### Required work
For the material below, output exactly the span from the line with "- What’s in" to the line with "Jammu, Dec 3: Assistant", including both, and nothing besides.
Start of Materials provided
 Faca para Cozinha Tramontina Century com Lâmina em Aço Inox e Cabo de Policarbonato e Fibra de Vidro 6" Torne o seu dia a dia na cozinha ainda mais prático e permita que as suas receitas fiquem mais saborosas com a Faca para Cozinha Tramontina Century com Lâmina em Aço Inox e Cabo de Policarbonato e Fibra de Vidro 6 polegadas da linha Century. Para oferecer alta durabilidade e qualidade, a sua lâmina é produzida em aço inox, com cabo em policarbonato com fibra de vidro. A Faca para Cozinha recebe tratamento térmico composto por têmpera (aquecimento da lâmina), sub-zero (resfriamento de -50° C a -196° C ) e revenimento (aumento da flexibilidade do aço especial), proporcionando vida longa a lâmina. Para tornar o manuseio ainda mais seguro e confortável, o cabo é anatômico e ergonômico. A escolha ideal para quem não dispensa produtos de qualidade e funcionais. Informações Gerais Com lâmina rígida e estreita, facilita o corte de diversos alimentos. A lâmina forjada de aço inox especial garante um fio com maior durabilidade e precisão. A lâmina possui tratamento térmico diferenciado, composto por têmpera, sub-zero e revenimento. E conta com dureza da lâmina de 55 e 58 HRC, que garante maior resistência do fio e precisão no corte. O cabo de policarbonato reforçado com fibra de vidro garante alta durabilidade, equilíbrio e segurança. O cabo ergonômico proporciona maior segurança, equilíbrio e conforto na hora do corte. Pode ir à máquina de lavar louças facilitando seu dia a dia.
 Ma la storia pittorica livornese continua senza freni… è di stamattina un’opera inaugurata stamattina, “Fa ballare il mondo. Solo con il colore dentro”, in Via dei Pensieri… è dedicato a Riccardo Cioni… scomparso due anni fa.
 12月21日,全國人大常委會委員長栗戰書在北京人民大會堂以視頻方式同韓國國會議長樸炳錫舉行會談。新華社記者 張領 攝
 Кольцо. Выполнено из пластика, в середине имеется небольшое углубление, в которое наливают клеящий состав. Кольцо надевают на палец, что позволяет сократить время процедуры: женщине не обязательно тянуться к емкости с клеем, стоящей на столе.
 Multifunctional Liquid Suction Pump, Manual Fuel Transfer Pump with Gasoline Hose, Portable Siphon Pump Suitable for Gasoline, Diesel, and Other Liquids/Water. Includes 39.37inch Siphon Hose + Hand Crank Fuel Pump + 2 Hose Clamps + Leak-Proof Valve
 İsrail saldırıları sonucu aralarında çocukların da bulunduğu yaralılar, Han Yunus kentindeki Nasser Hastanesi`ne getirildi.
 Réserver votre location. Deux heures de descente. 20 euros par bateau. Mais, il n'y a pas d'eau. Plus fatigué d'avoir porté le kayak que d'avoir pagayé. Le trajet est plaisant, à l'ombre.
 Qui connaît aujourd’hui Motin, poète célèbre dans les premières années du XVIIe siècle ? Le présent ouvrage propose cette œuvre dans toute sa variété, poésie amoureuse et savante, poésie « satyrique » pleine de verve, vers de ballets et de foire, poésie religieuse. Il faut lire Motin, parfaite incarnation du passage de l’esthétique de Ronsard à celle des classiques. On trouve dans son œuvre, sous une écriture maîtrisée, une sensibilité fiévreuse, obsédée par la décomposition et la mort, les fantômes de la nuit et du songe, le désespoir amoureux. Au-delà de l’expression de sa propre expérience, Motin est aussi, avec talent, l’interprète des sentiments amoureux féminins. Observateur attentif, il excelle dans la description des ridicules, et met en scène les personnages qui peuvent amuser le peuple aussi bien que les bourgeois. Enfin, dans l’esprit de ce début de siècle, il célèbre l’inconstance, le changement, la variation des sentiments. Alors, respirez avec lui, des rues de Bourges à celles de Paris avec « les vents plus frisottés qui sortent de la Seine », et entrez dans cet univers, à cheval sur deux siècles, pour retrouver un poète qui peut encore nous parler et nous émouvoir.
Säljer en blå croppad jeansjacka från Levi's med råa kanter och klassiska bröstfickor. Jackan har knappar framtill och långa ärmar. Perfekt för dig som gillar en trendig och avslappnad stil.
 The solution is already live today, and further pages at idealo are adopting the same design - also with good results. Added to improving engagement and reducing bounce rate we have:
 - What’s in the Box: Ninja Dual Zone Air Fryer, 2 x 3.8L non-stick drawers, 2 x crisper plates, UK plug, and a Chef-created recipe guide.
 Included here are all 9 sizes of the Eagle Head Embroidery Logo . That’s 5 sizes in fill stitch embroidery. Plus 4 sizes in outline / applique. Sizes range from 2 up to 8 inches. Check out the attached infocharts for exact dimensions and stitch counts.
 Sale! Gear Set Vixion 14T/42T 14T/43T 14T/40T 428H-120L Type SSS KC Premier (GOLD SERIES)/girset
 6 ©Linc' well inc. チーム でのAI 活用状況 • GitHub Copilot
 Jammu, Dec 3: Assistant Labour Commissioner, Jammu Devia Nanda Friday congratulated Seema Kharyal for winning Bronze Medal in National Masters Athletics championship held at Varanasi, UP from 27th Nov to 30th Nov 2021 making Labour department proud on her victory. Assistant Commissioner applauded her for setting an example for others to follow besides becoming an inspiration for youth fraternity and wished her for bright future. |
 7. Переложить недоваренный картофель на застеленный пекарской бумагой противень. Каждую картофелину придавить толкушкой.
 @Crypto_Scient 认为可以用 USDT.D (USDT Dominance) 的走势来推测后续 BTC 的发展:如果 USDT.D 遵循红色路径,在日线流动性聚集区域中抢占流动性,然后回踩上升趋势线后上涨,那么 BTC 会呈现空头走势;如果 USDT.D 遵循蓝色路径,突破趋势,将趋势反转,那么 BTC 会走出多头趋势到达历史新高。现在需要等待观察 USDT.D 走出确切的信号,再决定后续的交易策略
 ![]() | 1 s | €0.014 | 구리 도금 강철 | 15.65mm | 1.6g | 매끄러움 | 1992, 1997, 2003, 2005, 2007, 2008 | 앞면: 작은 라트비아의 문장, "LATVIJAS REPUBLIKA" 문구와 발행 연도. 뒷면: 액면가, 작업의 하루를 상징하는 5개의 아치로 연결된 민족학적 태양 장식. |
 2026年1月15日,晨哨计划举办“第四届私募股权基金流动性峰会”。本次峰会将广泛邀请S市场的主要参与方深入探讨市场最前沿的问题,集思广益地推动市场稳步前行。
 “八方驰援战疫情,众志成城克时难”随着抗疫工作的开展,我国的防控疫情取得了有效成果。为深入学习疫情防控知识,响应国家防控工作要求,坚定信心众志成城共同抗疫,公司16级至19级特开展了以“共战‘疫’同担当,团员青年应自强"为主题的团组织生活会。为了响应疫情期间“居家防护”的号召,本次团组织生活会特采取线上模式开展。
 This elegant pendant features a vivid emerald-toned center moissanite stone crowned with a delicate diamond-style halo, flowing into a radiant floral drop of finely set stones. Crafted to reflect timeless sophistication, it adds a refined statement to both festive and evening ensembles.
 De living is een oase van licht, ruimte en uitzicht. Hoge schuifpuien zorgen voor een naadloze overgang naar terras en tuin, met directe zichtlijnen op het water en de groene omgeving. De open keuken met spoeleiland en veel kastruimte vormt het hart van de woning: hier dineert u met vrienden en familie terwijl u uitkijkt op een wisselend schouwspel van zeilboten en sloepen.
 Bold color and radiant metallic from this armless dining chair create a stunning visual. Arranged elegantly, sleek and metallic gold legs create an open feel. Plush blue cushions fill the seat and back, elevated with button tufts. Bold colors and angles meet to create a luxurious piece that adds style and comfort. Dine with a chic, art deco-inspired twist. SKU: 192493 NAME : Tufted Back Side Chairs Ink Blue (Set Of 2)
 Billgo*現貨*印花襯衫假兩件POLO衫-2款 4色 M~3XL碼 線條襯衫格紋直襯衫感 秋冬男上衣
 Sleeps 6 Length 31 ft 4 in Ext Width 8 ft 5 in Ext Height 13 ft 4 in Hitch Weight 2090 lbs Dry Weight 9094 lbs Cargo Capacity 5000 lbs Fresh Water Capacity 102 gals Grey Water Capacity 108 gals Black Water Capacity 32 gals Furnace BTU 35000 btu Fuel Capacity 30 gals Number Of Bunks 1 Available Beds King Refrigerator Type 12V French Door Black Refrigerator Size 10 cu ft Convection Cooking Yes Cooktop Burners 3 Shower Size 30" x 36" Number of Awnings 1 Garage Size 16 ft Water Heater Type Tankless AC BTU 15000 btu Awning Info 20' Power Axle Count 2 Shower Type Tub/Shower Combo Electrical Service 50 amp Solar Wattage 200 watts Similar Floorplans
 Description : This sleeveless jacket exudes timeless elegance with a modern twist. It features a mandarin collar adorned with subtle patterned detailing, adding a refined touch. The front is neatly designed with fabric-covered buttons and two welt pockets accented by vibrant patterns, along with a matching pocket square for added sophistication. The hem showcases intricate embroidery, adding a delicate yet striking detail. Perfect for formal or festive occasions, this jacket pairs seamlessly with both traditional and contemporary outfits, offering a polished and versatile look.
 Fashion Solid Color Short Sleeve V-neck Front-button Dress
End of Materials provided
### Worked solution
 - What’s in the Box: Ninja Dual Zone Air Fryer, 2 x 3.8L non-stick drawers, 2 x crisper plates, UK plug, and a Chef-created recipe guide.
 Included here are all 9 sizes of the Eagle Head Embroidery Logo . That’s 5 sizes in fill stitch embroidery. Plus 4 sizes in outline / applique. Sizes range from 2 up to 8 inches. Check out the attached infocharts for exact dimensions and stitch counts.
 Sale! Gear Set Vixion 14T/42T 14T/43T 14T/40T 428H-120L Type SSS KC Premier (GOLD SERIES)/girset
 6 ©Linc' well inc. チーム でのAI 活用状況 • GitHub Copilot
 Jammu, Dec 3: Assistant Labour Commissioner, Jammu Devia Nanda Friday congratulated Seema Kharyal for winning Bronze Medal in National Masters Athletics championship held at Varanasi, UP from 27th Nov to 30th Nov 2021 making Labour department proud on her victory. Assistant Commissioner applauded her for setting an example for others to follow besides becoming an inspiration for youth fraternity and wished her for bright future. |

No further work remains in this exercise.